» Action item
Among the lines of data below, reproduce only those from the one with "This image depicts" through the one with "I started working", exactly as they stand, both ends included.

» The input
====================

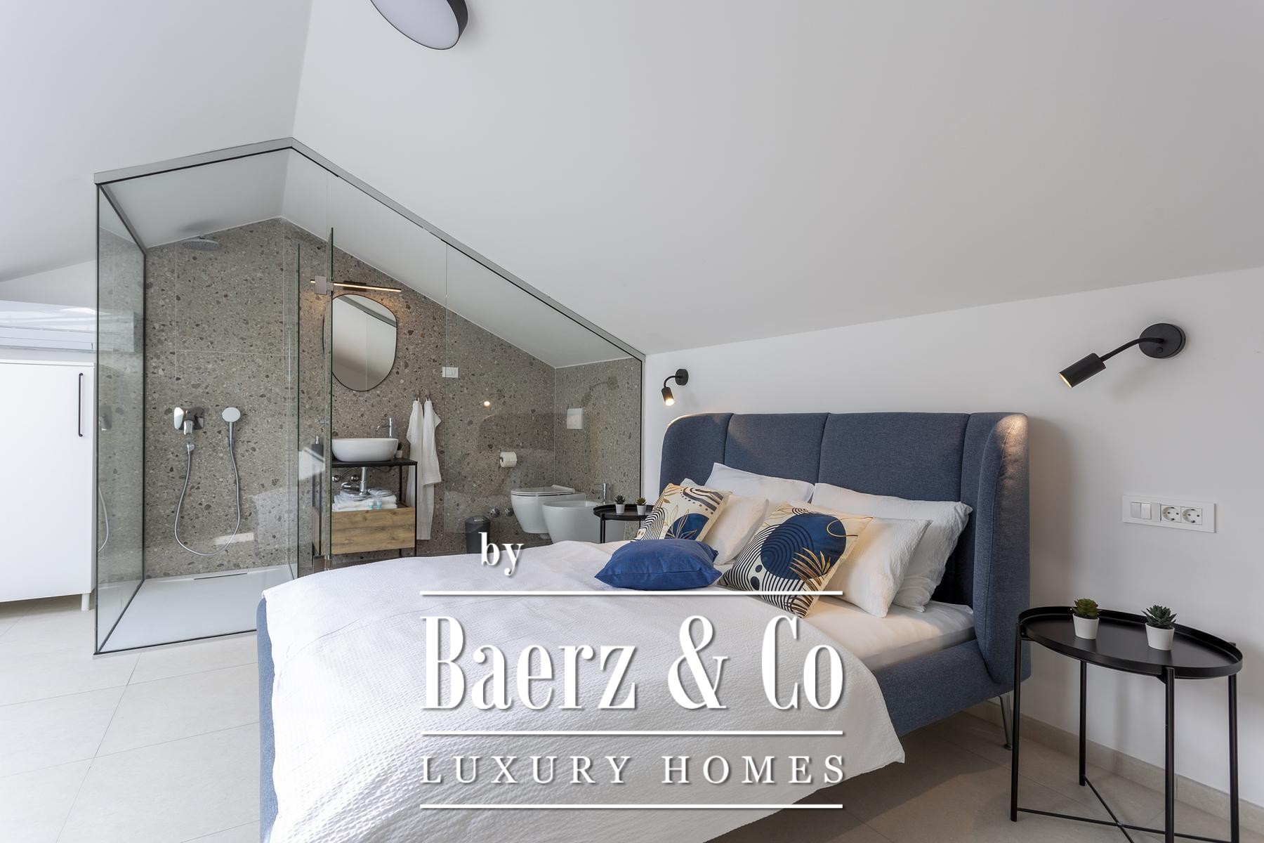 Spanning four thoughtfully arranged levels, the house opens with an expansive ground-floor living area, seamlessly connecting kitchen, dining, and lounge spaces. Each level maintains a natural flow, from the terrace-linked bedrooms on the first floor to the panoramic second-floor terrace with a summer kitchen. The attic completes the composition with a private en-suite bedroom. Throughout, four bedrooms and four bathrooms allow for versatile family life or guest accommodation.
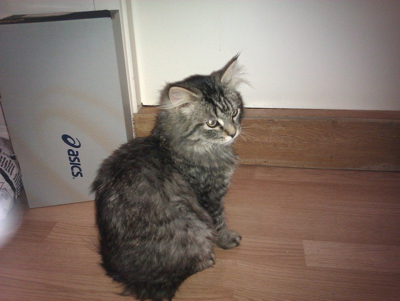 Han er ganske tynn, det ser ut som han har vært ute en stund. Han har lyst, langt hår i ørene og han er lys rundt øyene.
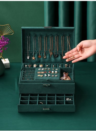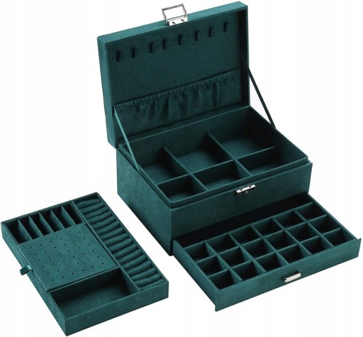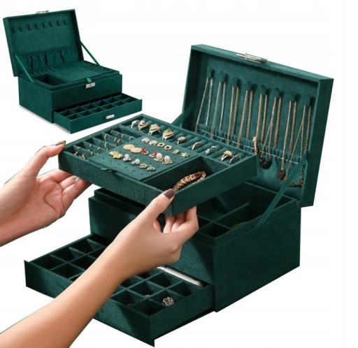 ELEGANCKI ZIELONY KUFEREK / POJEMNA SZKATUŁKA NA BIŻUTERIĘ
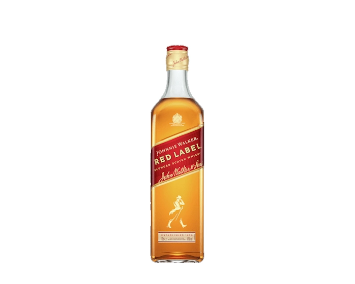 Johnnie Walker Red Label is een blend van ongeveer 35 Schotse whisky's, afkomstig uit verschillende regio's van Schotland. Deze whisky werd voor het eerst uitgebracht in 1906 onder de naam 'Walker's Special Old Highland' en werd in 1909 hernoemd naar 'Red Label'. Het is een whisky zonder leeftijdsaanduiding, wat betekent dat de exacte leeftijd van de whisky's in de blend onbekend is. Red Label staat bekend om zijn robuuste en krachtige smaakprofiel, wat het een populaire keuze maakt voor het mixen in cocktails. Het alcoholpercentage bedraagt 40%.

====================

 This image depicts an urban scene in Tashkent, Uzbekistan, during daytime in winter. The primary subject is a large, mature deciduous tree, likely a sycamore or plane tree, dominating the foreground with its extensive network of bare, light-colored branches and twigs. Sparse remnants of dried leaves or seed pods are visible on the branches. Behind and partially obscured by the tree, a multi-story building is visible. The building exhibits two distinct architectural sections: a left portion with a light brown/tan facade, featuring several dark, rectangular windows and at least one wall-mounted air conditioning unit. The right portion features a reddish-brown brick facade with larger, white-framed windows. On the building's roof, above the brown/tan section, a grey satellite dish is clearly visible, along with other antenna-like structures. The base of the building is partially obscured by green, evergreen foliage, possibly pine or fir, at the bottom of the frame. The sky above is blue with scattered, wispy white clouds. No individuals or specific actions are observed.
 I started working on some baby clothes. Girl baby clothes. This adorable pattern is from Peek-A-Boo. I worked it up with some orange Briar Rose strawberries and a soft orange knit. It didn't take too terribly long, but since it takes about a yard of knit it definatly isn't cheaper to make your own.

====================

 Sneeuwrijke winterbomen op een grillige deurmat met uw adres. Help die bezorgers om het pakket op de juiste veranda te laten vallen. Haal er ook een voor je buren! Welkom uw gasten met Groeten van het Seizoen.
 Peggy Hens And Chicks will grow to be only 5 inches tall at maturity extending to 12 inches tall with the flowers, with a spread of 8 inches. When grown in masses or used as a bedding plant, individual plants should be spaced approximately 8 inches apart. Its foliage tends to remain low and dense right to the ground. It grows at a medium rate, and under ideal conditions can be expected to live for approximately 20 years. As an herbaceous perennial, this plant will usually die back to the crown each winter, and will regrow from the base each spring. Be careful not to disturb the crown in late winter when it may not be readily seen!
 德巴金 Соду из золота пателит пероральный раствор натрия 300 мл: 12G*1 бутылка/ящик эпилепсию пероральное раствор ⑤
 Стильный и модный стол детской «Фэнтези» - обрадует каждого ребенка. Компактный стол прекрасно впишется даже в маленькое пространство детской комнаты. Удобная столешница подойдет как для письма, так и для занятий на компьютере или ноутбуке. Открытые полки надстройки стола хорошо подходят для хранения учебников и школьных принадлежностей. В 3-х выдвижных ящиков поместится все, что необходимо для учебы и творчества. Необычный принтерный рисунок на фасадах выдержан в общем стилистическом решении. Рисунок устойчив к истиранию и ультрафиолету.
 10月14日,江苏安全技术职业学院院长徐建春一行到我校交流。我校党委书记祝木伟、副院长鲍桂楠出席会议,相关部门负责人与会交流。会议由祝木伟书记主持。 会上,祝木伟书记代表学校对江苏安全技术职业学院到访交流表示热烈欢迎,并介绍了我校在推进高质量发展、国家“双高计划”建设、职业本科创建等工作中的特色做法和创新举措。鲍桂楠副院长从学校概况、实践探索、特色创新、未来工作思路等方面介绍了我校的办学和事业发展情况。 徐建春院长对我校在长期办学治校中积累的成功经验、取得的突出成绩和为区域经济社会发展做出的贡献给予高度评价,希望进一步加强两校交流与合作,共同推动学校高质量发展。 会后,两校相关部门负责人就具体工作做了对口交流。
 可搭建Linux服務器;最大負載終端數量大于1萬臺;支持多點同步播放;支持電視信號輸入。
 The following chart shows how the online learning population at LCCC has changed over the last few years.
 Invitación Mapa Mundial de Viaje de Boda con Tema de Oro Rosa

====================

» Written response
 This image depicts an urban scene in Tashkent, Uzbekistan, during daytime in winter. The primary subject is a large, mature deciduous tree, likely a sycamore or plane tree, dominating the foreground with its extensive network of bare, light-colored branches and twigs. Sparse remnants of dried leaves or seed pods are visible on the branches. Behind and partially obscured by the tree, a multi-story building is visible. The building exhibits two distinct architectural sections: a left portion with a light brown/tan facade, featuring several dark, rectangular windows and at least one wall-mounted air conditioning unit. The right portion features a reddish-brown brick facade with larger, white-framed windows. On the building's roof, above the brown/tan section, a grey satellite dish is clearly visible, along with other antenna-like structures. The base of the building is partially obscured by green, evergreen foliage, possibly pine or fir, at the bottom of the frame. The sky above is blue with scattered, wispy white clouds. No individuals or specific actions are observed.
 I started working on some baby clothes. Girl baby clothes. This adorable pattern is from Peek-A-Boo. I worked it up with some orange Briar Rose strawberries and a soft orange knit. It didn't take too terribly long, but since it takes about a yard of knit it definatly isn't cheaper to make your own.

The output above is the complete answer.